January of 2014 was a combination of shock, excitement, terror, and exhaustion. After getting the positive pregnancy tests we decided to tell a few of our family members.
We told my parents by taking them flowers and telling them they were ‘flowers for Opa’ (my dad) – it took him a minute to figure it out and when he did he turned bright red and his eyes welled up with tears. It was very sweet.
When we told my mom she got it right away. I’d been carefully avoiding any alcohol through the holidays and while my dad doesn’t tend to notice things like that, my mom is quietly perceptive. She was also very excited.
The thing about my parents is that they love being grandparents, but have always been very, very careful not to ever put anything that could even being construed as pressure on my brother or myself to have children, so it made the telling that much more fun and specially.
The following day we went to talk to MamaLee’s major professor/direct entry midwife. I remember going to her office and Leah asking to talk with her with the door closed, and she knew right away. She was so excited for us and happy to be our midwife. I was relieved to have a care provider I trusted. She also told us we would schedule our first appointment for around week 10 or 11. I remember it felt like forever away at that point – the first twelve weeks were the longest.
Throughout the this, the second month of my pregnancy, I was exhausted and crampy, which made me quite nervous and quite thrilled. I continued to do most things, including working with the youth and young adults at our UU church, working full time (although there were times I worked at night when I couldn’t drag myself out of bed in the morning – so good to have a job with flexible hours), walking the dog, and generally trying to take care of myself.

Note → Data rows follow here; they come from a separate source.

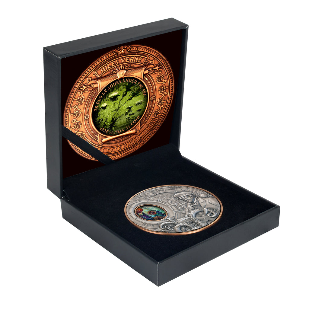 Based on designs from Verne’s sci-fi classic, the dazzling full-colour motifs are complemented by the razor-sharp High Relief strike of the silver reverse. Depicting Captain Nemo at the helm of Nautilus, the reverse also features a special Jules Verne ‘JV’ monogram! Official Samoan legal tender, the unique Jules Verne commemorative obverse carries Daniel Thorne’s portrait of King Charles III.
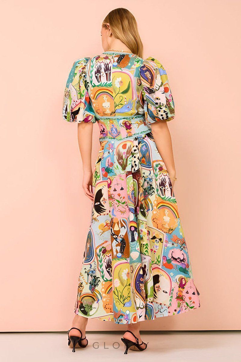 Korseden ilham alan sahte bel ve bedene oturan korsaj detayıyla tasarlanan bu V yaka midi elbise, gardırobunuza sofistike bir dokunuş katıyor. A kesim panelli etek ve hacimli, katlanmış kabarık kollar zarif bir siluet oluştururken, kendinden kaplamalı yerleştirme düğmeleri tasarımı tamamlıyor.
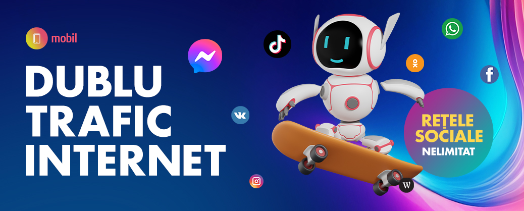 poți dubla traficul de internet la portarea numărului în rețeaua Moldtelecom! Fie că ești student, elev, părinte sau ai nevoie de mai mult net, pe durata a 24 de luni, navighezi fără limite și fără grija megabiților.
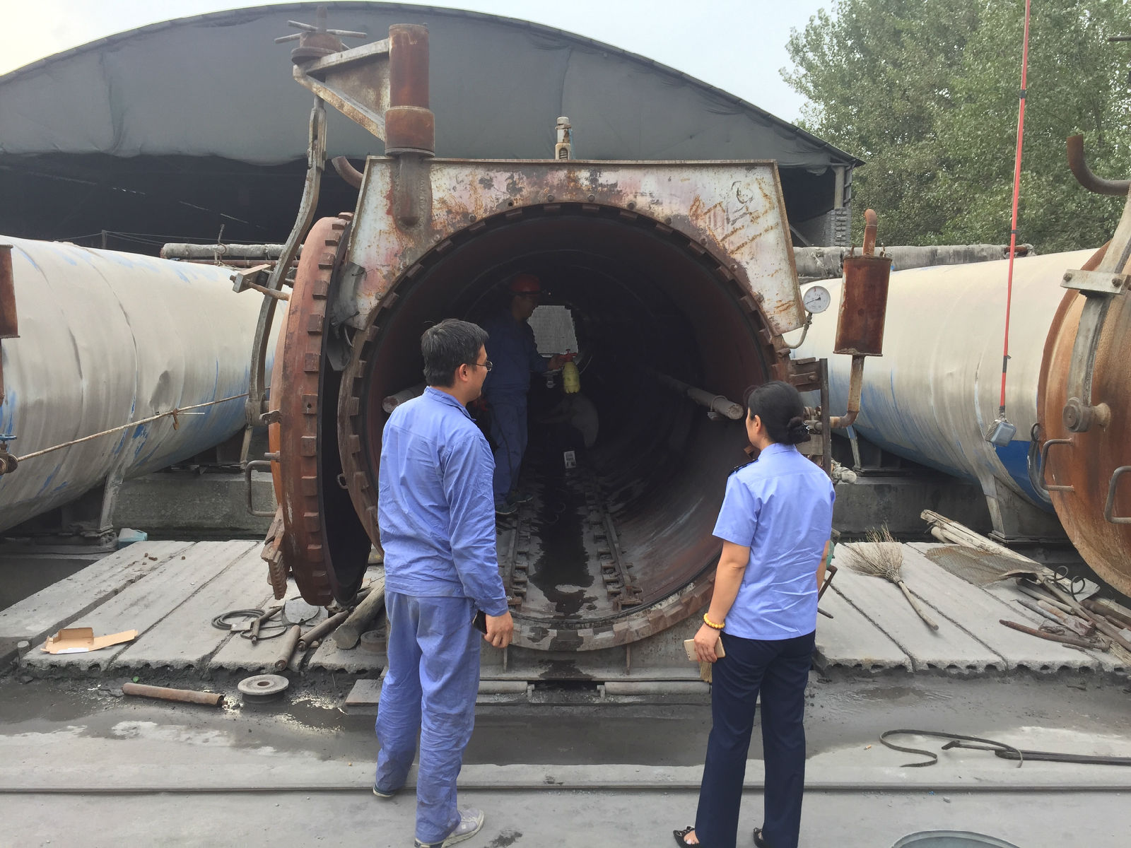 2017年9月19日,特种设备安全监察科协助河南省锅炉压力容器安全检测研究院,对登封市浩运建材厂在用的蒸压釜进行定期检验。检验人员在现场对设备进行了详细全面的内部和外部检验。对检验中发现的问题及时记录,在检验结束后将问题进行集中整理并告知使用单位。
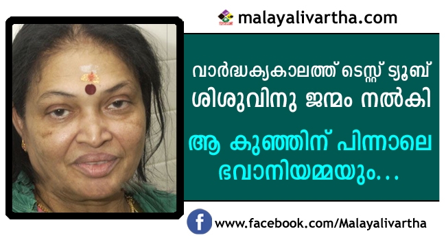 സംസ്ഥാനത്തെ ആദ്യത്തെ ടെസ്റ്റ് ട്യൂബ് ശിശുവിനു ജന്മം നൽകിയ ഭവാനിയമ്മ യാത്രയായി
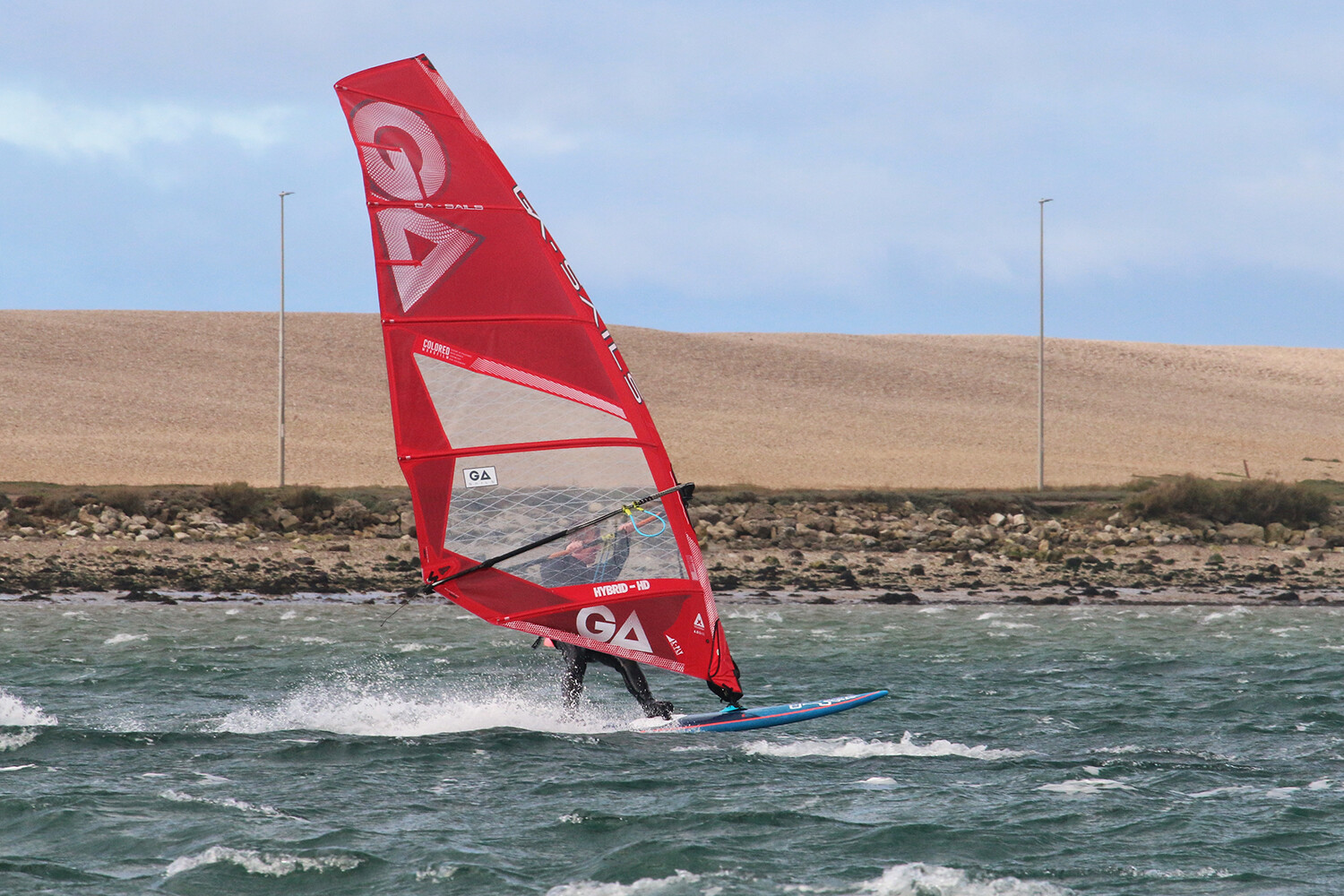 GA Sails class their Hybrid as the “ultimate all-rounder”, stretching over eleven sizes and morphing from a user-friendly wave sail in the smaller sizes (3.7 to 4.7m) to an easy freemove motor in the mid sizes (5.2 to 6.4m) and onto a freeride engine in the largest sizes (6.7 to 8.2m). Sporting the same dimensions and panel layout as the 6.0m Hybrid tested last year, its design remains unchanged for 2021 … yet the visual appearance has been sharpened with a colour-coded tack fairing and the graphical printing standing out more. Rigged on a C100 RDM mast, the Hybrid is also compatible with SDMs … an attribute that’s becoming increasingly rare in this size sail. It sets with a progressive amount of looseness extending along its leech, with a moderate amount of luff curve and only a subtle degree of shaping evident in the lower panels at rest. The bottom two battens retain rotation around the mast, even on maximum tension, and there are two closely located eyelets to choose from in the clew.

I have had chronic migraines since I was pretty young, around 7 or 8, and I knew that they would either get way better, or way worse with pregnancy. Throughout the first trimester, I continued to get migraines, some of them quiet nasty, so I tried hard to take it very easy on myself. The hardest part was that I couldn’t take any pain killers, especially during the first trimester when all the organs are forming, so when I did get them (about once a week), I had to get by with heat and cold packs and dark rooms.
I did get a photo of my belly before anything started to show, which is funny to think about. I thought about taking a photo every week, but unfortunately that just ended up not being a priority. I am glad to have a shot of what I looked like before Bug!